How to do Prone Hip Extension

Prone Hip Extension 

Lie down in good alignment, with your head, neck, back, hips, and ankles in line. Put your forehead in your hand or put a towel underneath your forehead. With your other hand, ensure that your shoulder is in a happy and healthy position. Tighten up your abdominal area, lift your thigh off the ground and extend your leg. Really focus on the gluteus maximus and then lower back down. Do this in a smooth and controlled movement, coming to the top and then back down. You want to isolate your gluteus maximus with this exercise, so really squeeze your glute as your lift and lower your leg.

#2 – Prone Hip Extension Progression

Prone Hip Extension Progression

Prone Hip Extension Progression

Start in the same position, bend at your knee, lift your heel towards the ceiling and then lower back down. Again, isolate your glutes by squeezing your glute throughout the exercise, and use the strength of your glutes to lift and lower your leg.

#3 – Prone Hip Extension with Resistive Band

Utilize a resistive band like a mini looped band and place it just above your knees. This will give you some resistance, challenging that gluteus maximus a lot more.

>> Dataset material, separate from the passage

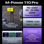 - 110W High-Power Output: Up to 65W per port via PD and up to 22.5W per port via QC. Automatically adapts to various charging power levels, supporting smartphones, laptops, wearables, and the Nintendo Switch.

How to do Prone Hip Extension with Resistive Band -regular

Prone Hip Extension with Resistive Band (regular)

Get back into that starting position, lying on your stomach, head resting, spine and shoulder in a good position, and tightening your abdominal area.

Prone Hip Extension with Resistive Band -progression

Prone Hip Extension with Resistive Band (progression)

You can progress and add that bend to your knee. Push your heel up from the ground and back down.

So there you go! You have those three exercises and you have two progressions when it comes to that third exercise. Work through the three if you have never done any of them. Start off with the first one and then find the one that is best for you to target your glutes.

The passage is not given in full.